Impact of batch size on model training

Batch size is also an important hyperparameter that impacts a model’s performance. Table 1 shows the best batch size for each data set when learning rate and epochs are fixed at 0.01 and 50 respectively using the AlexNet architecture. A similar comparison was also performed for LeNet architecture and best batch sizes for MNIST, Fashion-MNIST, SVHN and CIFAR-10 were chosen as 128, 128, 128 and 256 respectively.

Table 1:
Overall accuracy of the proposed system on the validation set using different batch sizes.
For each data set, the optimal batch size could be seen via the best accuracy shown in bold.
Data sets Batch sizes
64 (%) 128 (%) 256 (%)
MNIST 99.1 98.6 99.5
FASHION-MNIST 90.8 90.2 91.8
SVHN 94.4 92.5 93.1
CIFAR-10 78.3 78.8 80.6
DOI: 10.7717/peerj-cs.497/table-1

Impact of optimisers

In order to update the parameters of convolutional neural network, different popular optimisers such as stochastic gradient decent (SGD), adam (Kingma & Ba, 2014) and ADADELTA (Zeiler, 2012), were tested and evaluated on the validated set. Table 2 highlights the accuracy of AlexNet with DBAP layer when different types of optimisers were used. We observe that for MNIST data set, ADADELTA optimiser shows the best results, whereas for FASHION-MNIST, SVHN and CIFAR-10 data sets, SGD optimiser outperforms the remaining optimisation algorithms. A similar analysis was also performed for LeNet with DBAP layer and best optimisers were selected accordingly.

Table 2:
Overall accuracy of the proposed system on the validation set using different types of optimisers for training AlexNet.
For each data set, the optimal optimiser varies based on the best accuracy shown in bold.
Data sets Optimisers
SGD (%) Adam (%) AdaDelta (%)
MNIST 98.1 98.6 99.5
FASHION-MNIST 91.5 90.6 90.1
SVHN 93.2 92.1 91.7
CIFAR-10 78.2 78.1 77.6
DOI: 10.7717/peerj-cs.497/table-2

Impact of LBP filter size on CNN

We have also assessed different kernel sizes used in DBAP layer to capture local features of images that add to the discriminative ability of neural models.

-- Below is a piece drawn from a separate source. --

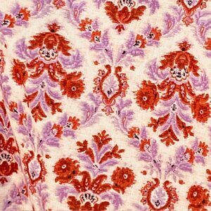 Indian block print, beautiful shades of a rusty red brown and lilac/lavender floral print with lace insets along the sleeves. V-neck, elastic sleeve cuffs, drop shoulder ranglan style sleeve. 100% Cotton, Made in India, block print, hand wash. Woven non stretch 100% cotton natural fibers.

Table 3 shows that 3 × 3 window gives best accuracy on the validation set in comparison to larger size filters on all the data sets.

Table 3:
Classification accuracy on the validation set of four benchmark data sets with varying filter size in DBAP layer of AlexNet.
The results reveal that a 3 × 3 kernel is suitable than the rest.
Data sets Window size
3 × 3 (%) 5 × 5 (%) 7 × 7 (%)
MNIST 99.5 97.1 96.1
F-MNIST 91.8 88.9 88.2
SVHN 94.4 93.2 91.5
CIFAR-10 80.6 74.5 76.2
DOI: 10.7717/peerj-cs.497/table-3

Model testing

After fine tuning the neural models with optimal parameters and hyperparameters, we next compute the classification performance of the proposed model on unseen test examples of each standard data set.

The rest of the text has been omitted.